Provinsi Lampung, dengan kekayaan geografisnya, memiliki jaringan sungai yang telah lama menjadi urat nadi kehidupan dan peradaban. Salah satu sungai itu adalah Sungai Seputih atau dikenal sebagai Way Seputih. Way Seputih dinobatkan sebagai sungai terpanjang ketiga di Provinsi Lampung, dengan hulu yang bersumber di Gunung Tangkit Tebak dan mengalirkan airnya sejauh kurang lebih 190 kilometer hingga bermuara ke laut.

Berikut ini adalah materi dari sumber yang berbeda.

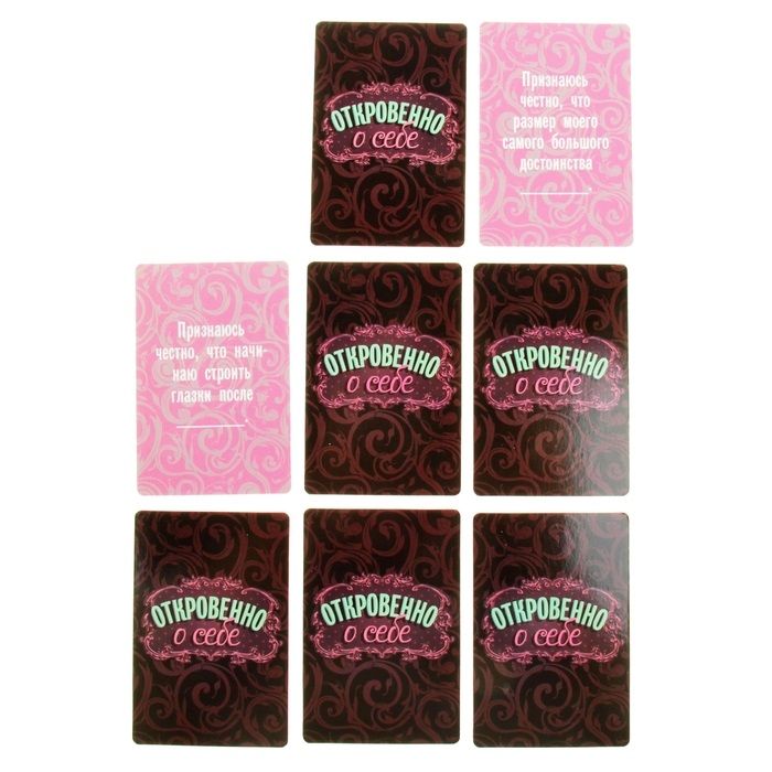 Признаюсь честно, что… Что игра «Откровенно о себе» позволит вам узнать множество интересных и пикантных деталей, возможно, которых вы друг о друге еще не знали. Для тех, кто готов к откровениям. Правила игры предельно просты, игроки по очереди вытягивают карточки с заданиями и отвечают на них предельно откровенно. Кто знает, куда вас заведет этот вечер. Признавайтесь, делитесь, играйте!

Sebagaimana sungai-sungai besar lainnya di nusantara, Way Seputih tidak hanya berfungsi sebagai sumber air, tetapi juga menyimpan beragam narasi sejarah dan aktivitas ekonomi masyarakat. Sungai ini telah menjadi jalur untuk transportasi, perdagangan, dan interaksi sosial antar-daerah. Dalam konteks sejarah maritim dan perdagangan Lampung di masa lampau, peran Way Seputih terbilang membantu aktivitas masyarakat, terutama pada bagian muaranya yang menjadi lokasi berdirinya sebuah dermaga penting, yaitu Dermaga Cabang atau pada ejaan lama dikenal sebagai Tjabang. Dermaga inilah yang menjadi titik temu antara arus sungai pedalaman dan jalur pelayaran pesisir, menjadikannya simpul strategis dalam pergerakan barang dan manusia.

Way Seputih Tahun 1910

(Sumber: digitalcollections.universiteitleiden.nl)

 

Dermaga Cabang dalam Peta Perdagangan Timur Lampung

Dermaga Cabang menempati posisi penting sebagai salah satu gerbang maritim di wilayah timur Lampung. Keberadaannya disejajarkan dengan dermaga atau pelabuhan lain yang juga berperan vital, seperti Pelabuhan Menggala yang berada di Way Tulangbawang, dan Labuhan Maringgai. Posisi ini menegaskan bahwa Dermaga Cabang bukanlah pelabuhan biasa, melainkan salah satu pilar penopang sistem distribusi dan perdagangan regional pada masa kolonial.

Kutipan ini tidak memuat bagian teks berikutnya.